(Data in this exercise):
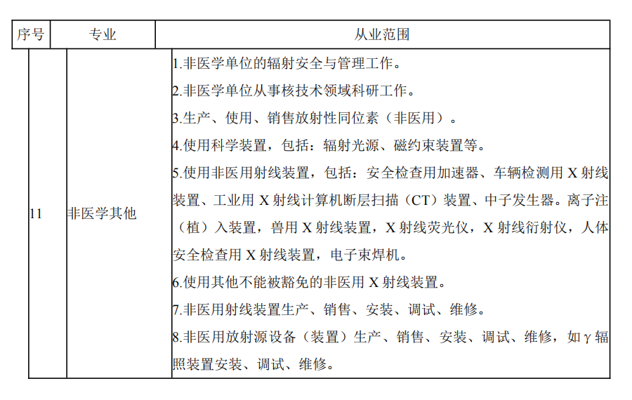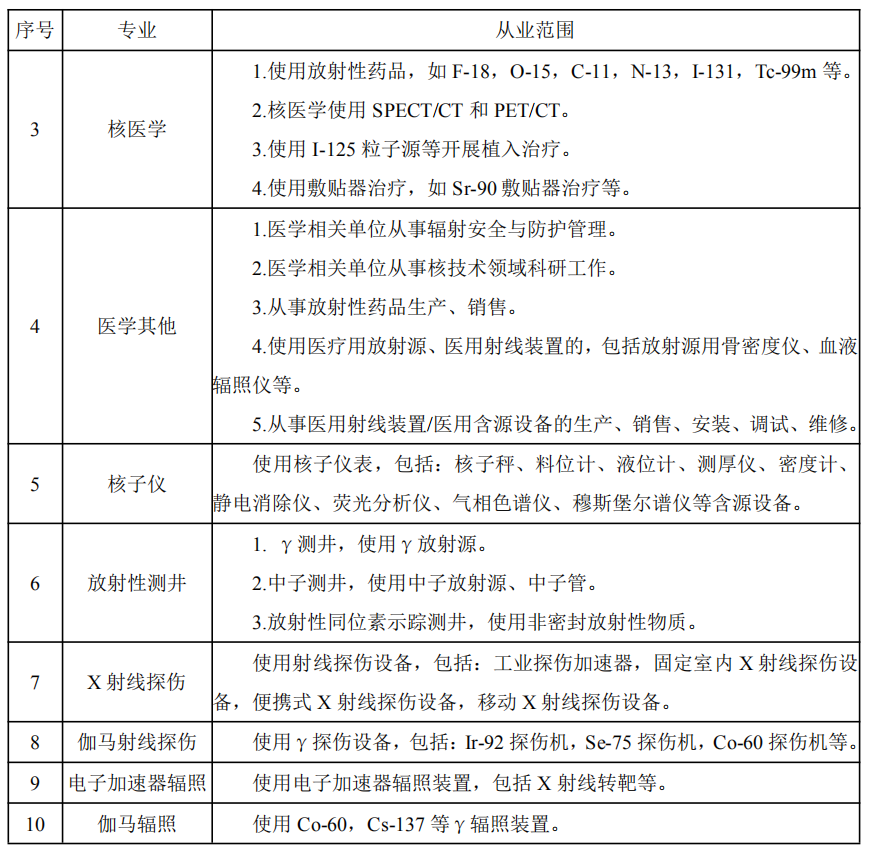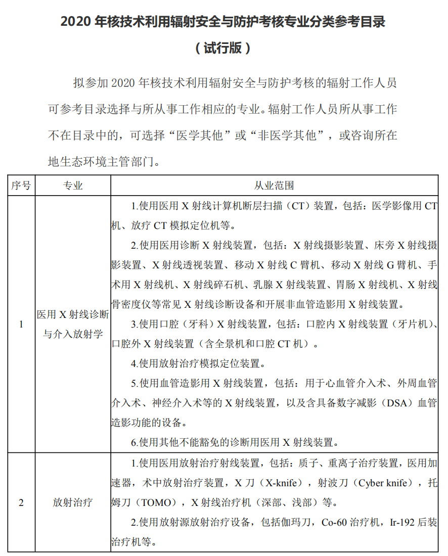 2020年核技术利用辐射安全与防护考核专业分类参考目录(试行版)
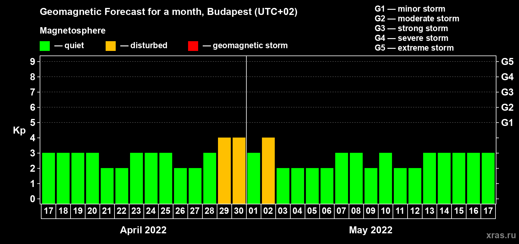 Geomagnetic storm forecast in Budapest for Apr 17, 2022
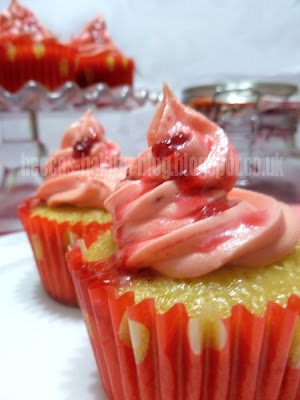 I will admit, I was dubious as to how this would come together. But I needn't have worried. My taste testers loved them. One wants a bowl just of the buttercream for their birthday, which I was quite pleased to hear. Part of me thinks that's down to the quality of the jam, since it was homemade by the fiancé's sister. And it's true what they say: good quality ingredients results in great tasting food. The fiancé said the cakes were lovely, light and fluffy and the flavour was indescribable but was sweet and very scrumptious. So good reviews it seems. Hoorah!
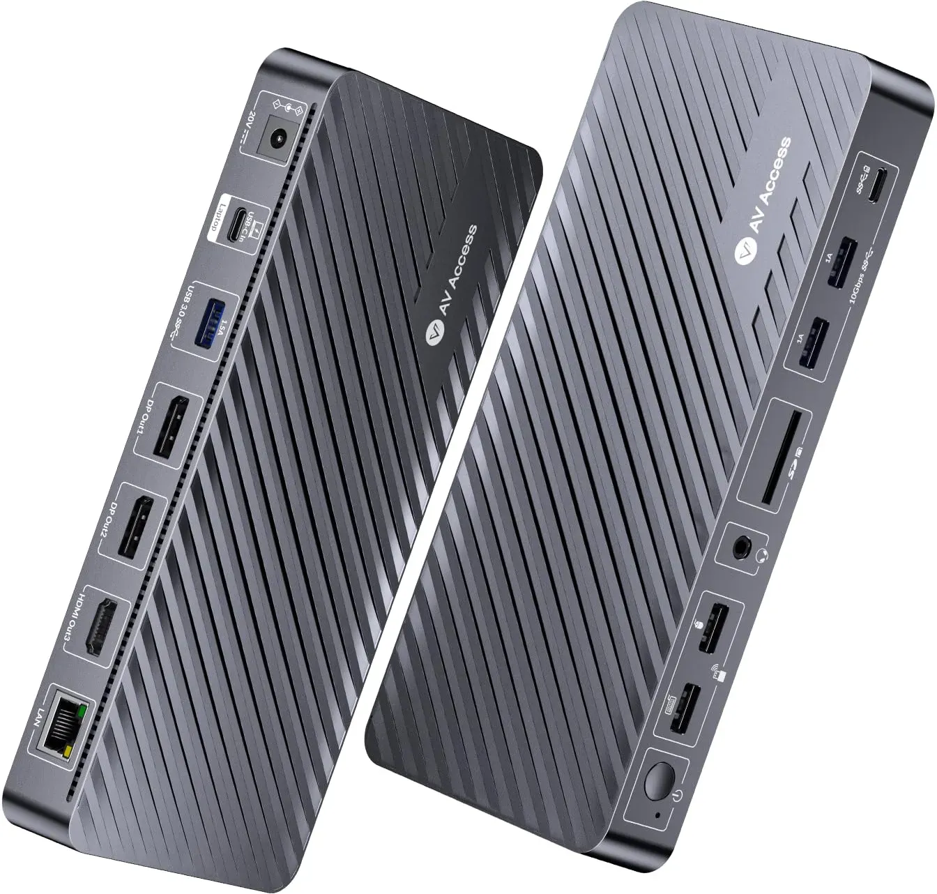 Kategorie: Dockingstations - v AV Access - Drei 4K-Monitore, dreifache Produktivität Diese innovative USB-C-Dockingstation unterstützt drei 4K-Monitore (bis zu 2 4K@60Hz + 1 4K@30Hz) für effizienteres Arbeiten oder verbessertes Gaming. Hinweis: macOS kann keine erweiterten Dual-/Triple-Screens ausgeben. Treiberfrei & 100W-Ladung Genießen Sie Plug-and-Play ohne Treiber! über den vollausgestatteten USB-C-Anschluss (MST) ermöglicht dieses Laptop-Dock Triple-4K-Darstellung, 10-Gbit/s-Datentransfer und 100W-Ladeleistung alles mit einem einzigen USB-C-Kabel. 12-in-1 Dockingstation für drei Bildschirme Erweitern Sie die Möglichkeiten Ihres Laptops mit 12 essenziellen Anschlüssen, darunter USB 3.0, USB 2.0, USB-C (nur Daten), Gigabit-Ethernet, HDMI, DisplayPort, SD-Kartensteckplatz und mehr perfekt für die Einrichtung eines leistungsstarken Arbeitsplatzes. 10-Gbit/s-Hochgeschwindigkeits-Datenübertragung übertragen Sie Dateien blitzschnell über 2x USB-3.0-Type-A- und 1x USB-3.0-Type-C-Anschlüsse mit rasanten 10 Gbit/s für maximale Arbeitseffizienz. Wichtige Hinweise macOS unterstützt keinen USB-C-MST (Multi-Stream-Transport). Daher zeigen Dual-/Triple-Monitore identischen Inhalt an. Die Ausgabeauflösung hängt von den Fähigkeiten Ihres Laptops und der Anzahl angeschlossener Bildschirme ab bitte prüfen Sie die Produktdetails für Spezifikationen. - 110,49 Euro bei Amazon Marketplace CE - gefunden von billiger.de Die Kensington Docking Station ist eine hochwertige 9-in-1 Lösung mit Triple 4K@60Hz oder Single 8K@30Hz Unterstützung und 85W Power Delivery. ![]() ![]() Kensington Docking Station USB C Hub (9-in-1) UH1500P EQ Triple 4K@60Hz Single 8K@30Hz Ethernet PD 85W 4xUSB 3.2 2xHDMI DP kompatibel mit Lenovo, HP, Dell, MacBook, Laptops, K34039WW
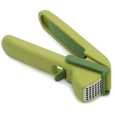 This powerful garlic press crushes cloves with ease and features a wiper blade and a handy scraping tool for easy cleaning. Just pop a clove or two inside the head and squeeze the handles to crush.
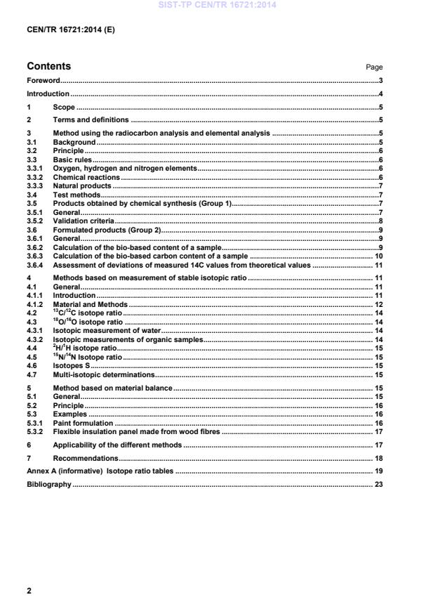 SIST-TP CEN/TR 16721:2014 is a technical report published by the Slovenian Institute for Standardization (SIST). Its full title is "Bio-based products - Overview of methods to determine the bio-based content". This standard covers: This Technical Report gives an overview of methods which can be used for the determination of the bio-based content of solid, liquid and gaseous products. It describes more specifically: a) a method using the radiocarbon analysis and elemental analysis: this method is based on a statement and a verification of the composition of the products; b) methods based on measurement of stable isotopic ratio; and c) a method based on the material balance. This Technical Report gives guidance on the applicability of the different methods. This Technical Report also gives recommendations for the further development of European Standards for the determination of the bio-based content.
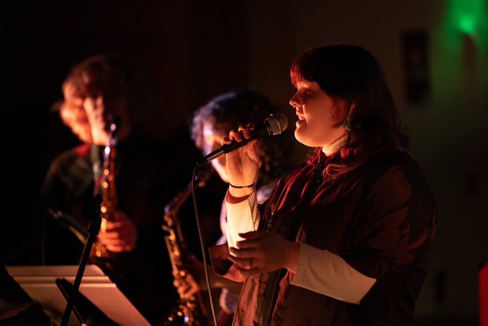 Members of Free The Groundhog perform at the Husky Jam’s “Track 13: Groove Lounge” event at the University of Washington’s Intellectual House on Feb. 21, 2025 in Seattle.
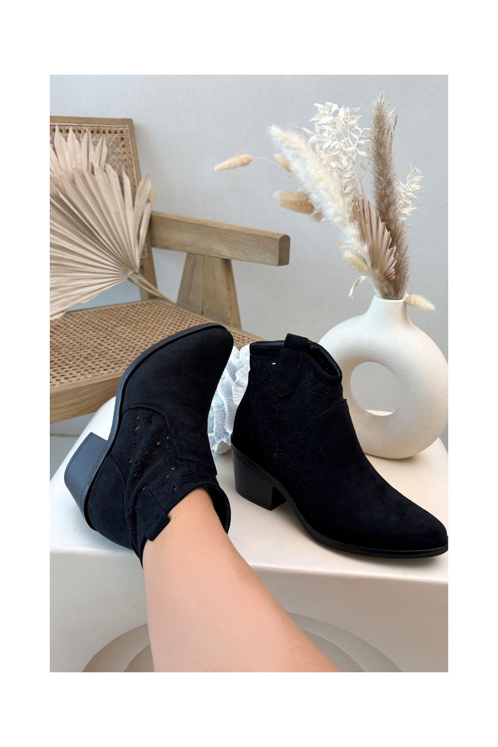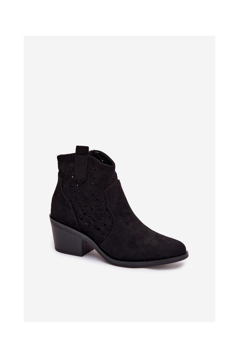 Ažūriniai aulinukai kaubojiško stiliaus Moteriškas su kulniukais S.Barski HY61-8012 juodos spalvos

(Task brief):
In the copy, include every line of the records exactly and none of the images.

(Answer for this exercise):
 2020年核技术利用辐射安全与防护考核专业分类参考目录(试行版)
 Geomagnetic storm forecast in Budapest for Apr 17, 2022
 I will admit, I was dubious as to how this would come together. But I needn't have worried. My taste testers loved them. One wants a bowl just of the buttercream for their birthday, which I was quite pleased to hear. Part of me thinks that's down to the quality of the jam, since it was homemade by the fiancé's sister. And it's true what they say: good quality ingredients results in great tasting food. The fiancé said the cakes were lovely, light and fluffy and the flavour was indescribable but was sweet and very scrumptious. So good reviews it seems. Hoorah!
 Kategorie: Dockingstations - v AV Access - Drei 4K-Monitore, dreifache Produktivität Diese innovative USB-C-Dockingstation unterstützt drei 4K-Monitore (bis zu 2 4K@60Hz + 1 4K@30Hz) für effizienteres Arbeiten oder verbessertes Gaming. Hinweis: macOS kann keine erweiterten Dual-/Triple-Screens ausgeben. Treiberfrei & 100W-Ladung Genießen Sie Plug-and-Play ohne Treiber! über den vollausgestatteten USB-C-Anschluss (MST) ermöglicht dieses Laptop-Dock Triple-4K-Darstellung, 10-Gbit/s-Datentransfer und 100W-Ladeleistung alles mit einem einzigen USB-C-Kabel. 12-in-1 Dockingstation für drei Bildschirme Erweitern Sie die Möglichkeiten Ihres Laptops mit 12 essenziellen Anschlüssen, darunter USB 3.0, USB 2.0, USB-C (nur Daten), Gigabit-Ethernet, HDMI, DisplayPort, SD-Kartensteckplatz und mehr perfekt für die Einrichtung eines leistungsstarken Arbeitsplatzes. 10-Gbit/s-Hochgeschwindigkeits-Datenübertragung übertragen Sie Dateien blitzschnell über 2x USB-3.0-Type-A- und 1x USB-3.0-Type-C-Anschlüsse mit rasanten 10 Gbit/s für maximale Arbeitseffizienz. Wichtige Hinweise macOS unterstützt keinen USB-C-MST (Multi-Stream-Transport). Daher zeigen Dual-/Triple-Monitore identischen Inhalt an. Die Ausgabeauflösung hängt von den Fähigkeiten Ihres Laptops und der Anzahl angeschlossener Bildschirme ab bitte prüfen Sie die Produktdetails für Spezifikationen. - 110,49 Euro bei Amazon Marketplace CE - gefunden von billiger.de Die Kensington Docking Station ist eine hochwertige 9-in-1 Lösung mit Triple 4K@60Hz oder Single 8K@30Hz Unterstützung und 85W Power Delivery. ![]() ![]() Kensington Docking Station USB C Hub (9-in-1) UH1500P EQ Triple 4K@60Hz Single 8K@30Hz Ethernet PD 85W 4xUSB 3.2 2xHDMI DP kompatibel mit Lenovo, HP, Dell, MacBook, Laptops, K34039WW
 This powerful garlic press crushes cloves with ease and features a wiper blade and a handy scraping tool for easy cleaning. Just pop a clove or two inside the head and squeeze the handles to crush.
 SIST-TP CEN/TR 16721:2014 is a technical report published by the Slovenian Institute for Standardization (SIST). Its full title is "Bio-based products - Overview of methods to determine the bio-based content". This standard covers: This Technical Report gives an overview of methods which can be used for the determination of the bio-based content of solid, liquid and gaseous products. It describes more specifically: a) a method using the radiocarbon analysis and elemental analysis: this method is based on a statement and a verification of the composition of the products; b) methods based on measurement of stable isotopic ratio; and c) a method based on the material balance. This Technical Report gives guidance on the applicability of the different methods. This Technical Report also gives recommendations for the further development of European Standards for the determination of the bio-based content.
 Members of Free The Groundhog perform at the Husky Jam’s “Track 13: Groove Lounge” event at the University of Washington’s Intellectual House on Feb. 21, 2025 in Seattle.
 Ažūriniai aulinukai kaubojiško stiliaus Moteriškas su kulniukais S.Barski HY61-8012 juodos spalvos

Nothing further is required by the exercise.